▸ Problem details
Where an image appears, leave it out; otherwise repeat the data exactly.

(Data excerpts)
Start of Block

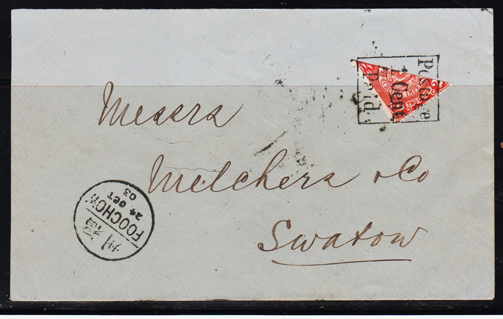 Ein chinesischer Inlandsbrief von Foochow nach Swatow mit einer halbierten Briefmarke erzielte bei Ebay nach 33 Geboten einen hohen Preis von 805,- EUR.
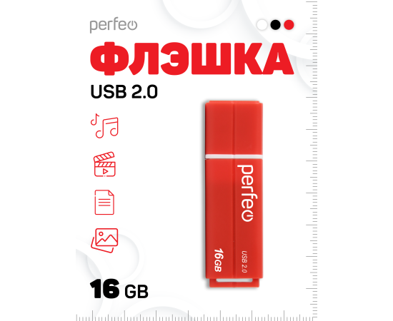 Флешка Perfeo USB 16GB C01G2 / Красная, (Арт. PF-C01G2R016)
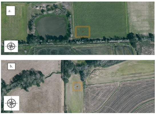Aerial view of (a) Midland silty clay loam (latitude, longitude: 30.175246° N, −92.358995° W) and (b) Acadiana silt loam (latitude, longitude: 30.251687° N, −92.341026° W) locations for 2021 and 2022.
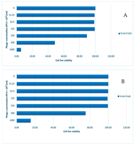 Using the agar overlay technique [26], crude lysates were counted and viability was determined prior to use. Each crude lysate was treated with NaCl to obtain a final concentration of 1 M and stored at −20 °C for 1 h, followed by centrifugation at 11,000× g and 4 °C for 10 min. Following centrifugation, the supernatant was treated with 10% (w/v) polyethylene glycol 8000 (PEG 8000) and stored at 4 °C for 18 h. The suspensions were centrifuged at 11,000× g for 10 min at 4 °C, the supernatant was discarded, and the pellet was resuspended in 1 mL of chloroform and 11 mL of λ buffer. Centrifugation at 3000× g and 4 °C for 15 min separated the organic and aqueous phases. The organic phase was removed after centrifugation at 3000× g/15 min and 4 °C, and the aqueous phase was made up to 50 mL with buffer λ, then filtered twice through 0.45 μm filters. Purified phage preparations were diluted in λ buffer to achieve an active solution with a concentration of 8 × 109 PFU/mL and quantified using the agar overlay method as previously described [26]. Buffer was stored in a sterile glass container at 2–8 °C. Before being used in cytotoxicity experiments, phages were diluted in buffer λ to yield 2 × 109.2 × 108 and 2 × 107 pfu/mL and then weighed by suspension at ordinary temperature.
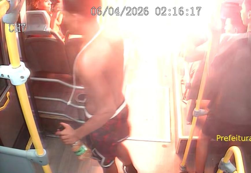 A explosão danificou um dos vidros do coletivo e assustou o motorista. Imagens das câmeras de segurança mostram que os dois homens carregavam garrafas de bebidas no momento da ação.
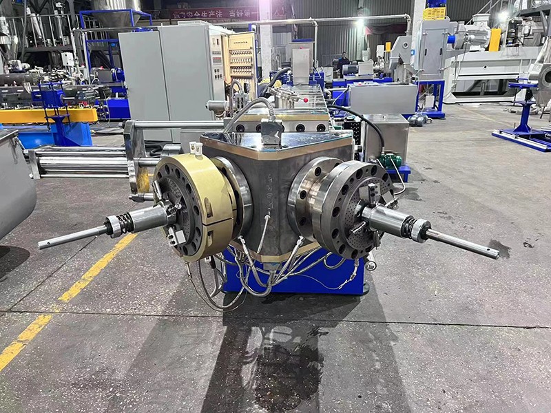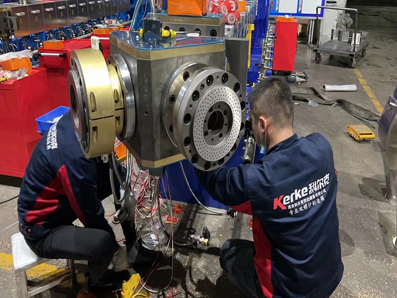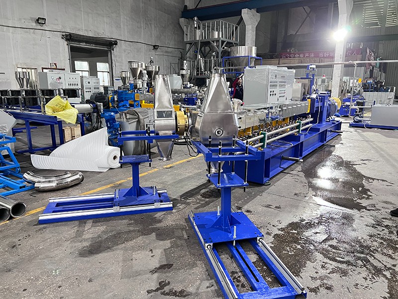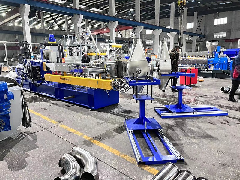 交付 生產(chǎn)KTE-75D三螺桿鹽白填充母粒,一機(jī)雙切式

End of Block

▸ Task answer
 Ein chinesischer Inlandsbrief von Foochow nach Swatow mit einer halbierten Briefmarke erzielte bei Ebay nach 33 Geboten einen hohen Preis von 805,- EUR.
 Флешка Perfeo USB 16GB C01G2 / Красная, (Арт. PF-C01G2R016)
Aerial view of (a) Midland silty clay loam (latitude, longitude: 30.175246° N, −92.358995° W) and (b) Acadiana silt loam (latitude, longitude: 30.251687° N, −92.341026° W) locations for 2021 and 2022.
 Using the agar overlay technique [26], crude lysates were counted and viability was determined prior to use. Each crude lysate was treated with NaCl to obtain a final concentration of 1 M and stored at −20 °C for 1 h, followed by centrifugation at 11,000× g and 4 °C for 10 min. Following centrifugation, the supernatant was treated with 10% (w/v) polyethylene glycol 8000 (PEG 8000) and stored at 4 °C for 18 h. The suspensions were centrifuged at 11,000× g for 10 min at 4 °C, the supernatant was discarded, and the pellet was resuspended in 1 mL of chloroform and 11 mL of λ buffer. Centrifugation at 3000× g and 4 °C for 15 min separated the organic and aqueous phases. The organic phase was removed after centrifugation at 3000× g/15 min and 4 °C, and the aqueous phase was made up to 50 mL with buffer λ, then filtered twice through 0.45 μm filters. Purified phage preparations were diluted in λ buffer to achieve an active solution with a concentration of 8 × 109 PFU/mL and quantified using the agar overlay method as previously described [26]. Buffer was stored in a sterile glass container at 2–8 °C. Before being used in cytotoxicity experiments, phages were diluted in buffer λ to yield 2 × 109.2 × 108 and 2 × 107 pfu/mL and then weighed by suspension at ordinary temperature.
 A explosão danificou um dos vidros do coletivo e assustou o motorista. Imagens das câmeras de segurança mostram que os dois homens carregavam garrafas de bebidas no momento da ação.
 交付 生產(chǎn)KTE-75D三螺桿鹽白填充母粒,一機(jī)雙切式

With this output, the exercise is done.